Work instructions:
Return the listing below unchanged, but without pictures.

Data excerpt:
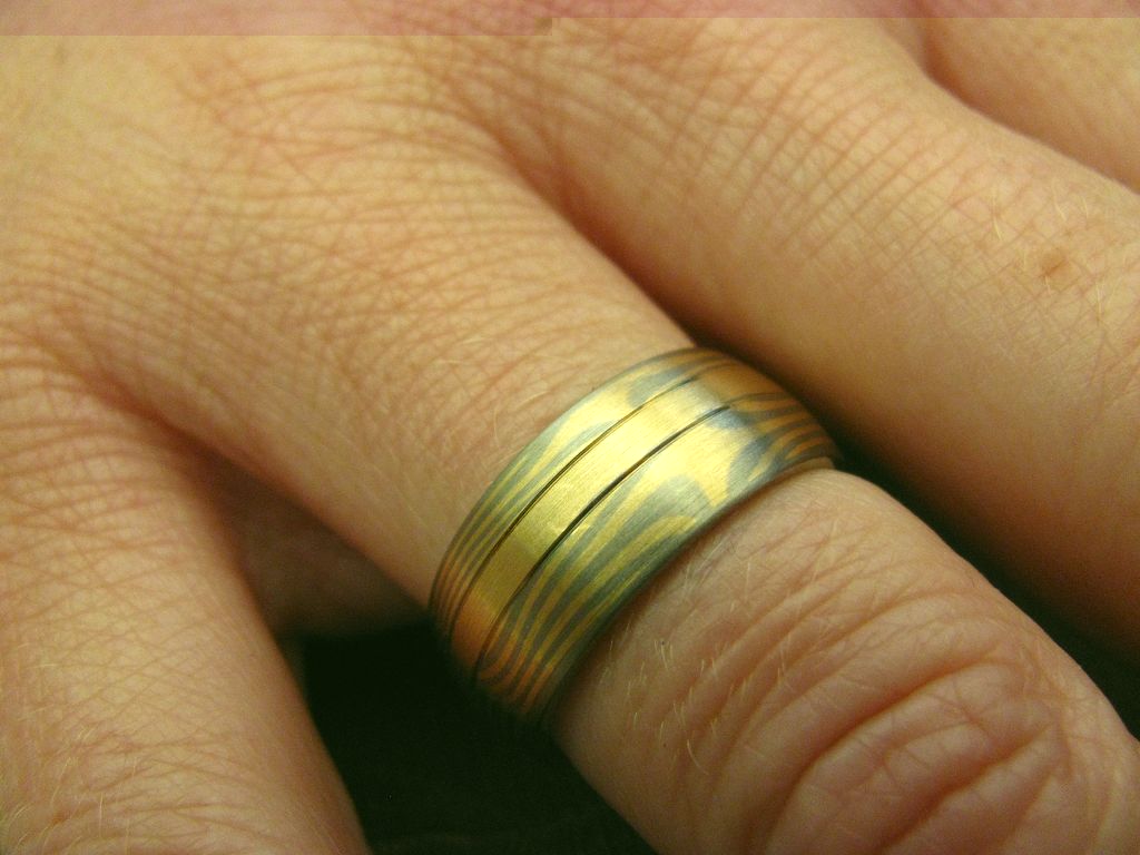 Sodele,wie versprochen...................unsere Ringe aus Rosè-/Graugold nach Damaszener Art gefaltet und verschmiedet.
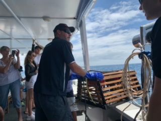 全10名の参加でしたが捕獲体験は最初に指名されてワクワク!しながらクルーの指示通りにロープを引き、仕掛けてあった木製カゴを引き揚げましたが、、、結果はスカ!
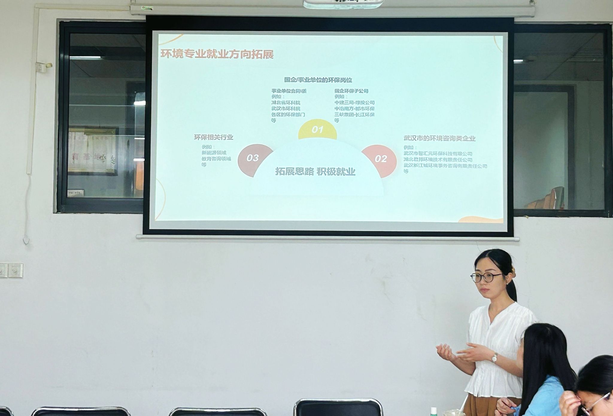 两位德育导师结合自身就业经历,围绕就业常见的心理困扰、如何进行调试和压力应对等内容展开讲座。叶宇轩鼓励学生们调整就业心态,了解目前就业形势,同时结合自身的兴趣、研究方向、特长等,正视就业困难,充分认识专业职业价值,树立正确的职业价值观。杨璐就环境专业就业方向进行了介绍,就环保相关行业、国企、事业单位的环保岗位、武汉市的环境咨询类企业的求职方式进行分析,为毕业生指明就业方向。
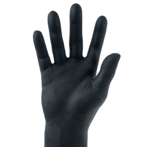 Poedervrij wegwerp handschoen zwart van nitril. Goede punctie- en scheurbestendigheid, het manchet is voorzien van een rolrand. Deze handschoen is leverbaar in 8 verschillende kleuren, ideaal voor toepassingen binnen kleurcoderingssystemen. Geschikt voor direct contact en verwerking van voedingsmiddelen.

Solution to the exercise:
 Sodele,wie versprochen...................unsere Ringe aus Rosè-/Graugold nach Damaszener Art gefaltet und verschmiedet.
 全10名の参加でしたが捕獲体験は最初に指名されてワクワク!しながらクルーの指示通りにロープを引き、仕掛けてあった木製カゴを引き揚げましたが、、、結果はスカ!
 两位德育导师结合自身就业经历,围绕就业常见的心理困扰、如何进行调试和压力应对等内容展开讲座。叶宇轩鼓励学生们调整就业心态,了解目前就业形势,同时结合自身的兴趣、研究方向、特长等,正视就业困难,充分认识专业职业价值,树立正确的职业价值观。杨璐就环境专业就业方向进行了介绍,就环保相关行业、国企、事业单位的环保岗位、武汉市的环境咨询类企业的求职方式进行分析,为毕业生指明就业方向。
 Poedervrij wegwerp handschoen zwart van nitril. Goede punctie- en scheurbestendigheid, het manchet is voorzien van een rolrand. Deze handschoen is leverbaar in 8 verschillende kleuren, ideaal voor toepassingen binnen kleurcoderingssystemen. Geschikt voor direct contact en verwerking van voedingsmiddelen.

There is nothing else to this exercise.